The authors use TTT-Discover with adaptive entropic objective and PUCT reuse to achieve the best runtime of 1203.10 microseconds in the TriMul kernel optimization task. Ablations show that removing the entropic objective or reuse method significantly degrades performance, while the full TTT-Discover setup outperforms both naive RL and Best-of-N baselines.

Results show that TTT-Discover achieves a mean runtime of 1669.1 microseconds on AMD MI300X, outperforming the best human submission (2038.6 microseconds) and the Best-of-25600 baseline (2286.0 microseconds). The method demonstrates consistent performance across all three instances, with 95% confidence intervals indicating statistically significant improvements over human and baseline results.

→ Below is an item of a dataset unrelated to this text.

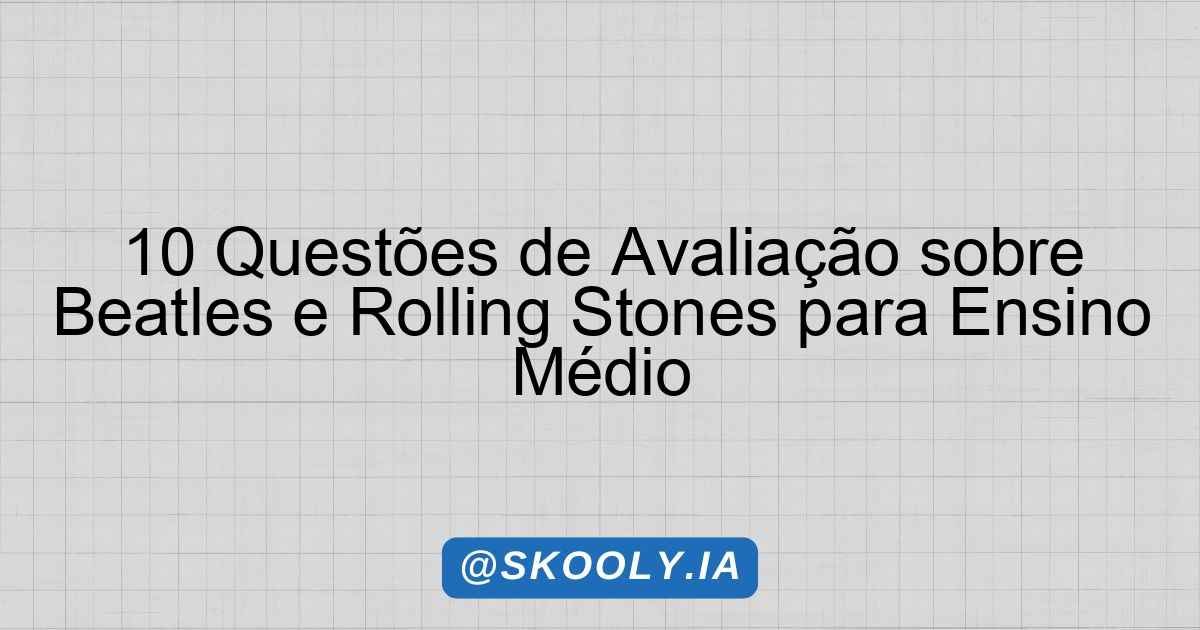 Questões sobre: Era um garoto que como eu amava os Beatles e os Rolling Stones 📚 Área: Linguagens 🎓 Nível: 3ª Série – Ensino Médio 📊 Quantidade: 10 questões 📝 Tipos: Múltipla escolha, Verdadeiro ou Falso, Dissertativa, Completar lacunas, Associação, Análise crítica 📅 Data de Criação: 14/04/2026 Questões de Avaliação – Era um garoto que … Ler mais

Results show that TTT-Discover with Qwen3-8B achieves the same performance as AlphaEvolve V2 and ShinkaEvolve on the circle packing task for n=26 and n=32, matching the best known results without improvements.

Results show that TTT-Discover achieves the highest score in both the Geometry (ahc039) and Scheduling (ahc058) competitions, outperforming all human submissions and prior AI baselines. In Geometry, TTT-Discover scores 567,062, surpassing the top human score of 566,997, and in Scheduling, it scores 848,414,228, exceeding the best human score of 847,674,723.

Results show that TTT-Discover achieves state-of-the-art performance across all GPU types in the TriMul competition, outperforming the best human submissions by over 15% on average. The method produces kernels that are significantly faster than existing human and AI baselines, with the best kernel on H100 running at 1161.2 microseconds, surpassing the top human result by 22%.